Eric Liu and I write about “challenge awards” in our book, Imagination First—prizes offered to people for accomplishing a stated task or solving a given problem. We point out the value of deliberately open-ended challenges, which create more room for bold and unexpected ideas to emerge. The NASA Innovative Advanced Concepts (NIAC) program’s recent call for proposals is a perfect example.
NIAC, the press release reports, “is seeking proposals for revolutionary concepts with the potential to transform future aerospace missions.” The concepts “should enable new capabilities or significantly alter current approaches to launching, building, and operating space systems.” Within those broad criteria, the possibilities are limitless. Awardees will be chosen on the basis of their ideas’ innovativeness, technical sophistication, and early developmental status.

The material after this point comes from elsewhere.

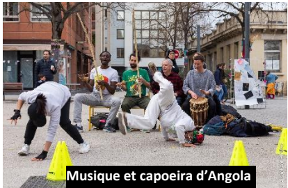
Musique et capoeira d'Angola

This is NIAC’s second call for proposals. The first group of Phase I concepts, chosen last summer, is now being studied; some will advance to Phase II this year. Due to the large number of submissions in 2011, the 2012 application process involves two steps: people may submit short, two-page proposals until February 9, and then NASA will invite selected individuals and teams to submit full, ten-page proposals by April 16. This summer, NASA will announce the approximately 15 Phase I concepts that it will fund, awarding up to $100,000 to each for one year. The competition is open to U.S. citizens and researchers working here.
“NASA is looking for futuristic concepts that may enable leaps forward in how we work in, and explore, the space frontier,” says Michael Gazarik, director of NASA’s Space Technology Program. “We’re asking for ideas from all sources, from American citizen-inventors or educators working out of their garages to the visionary small business owners fueling our nation’s economy.”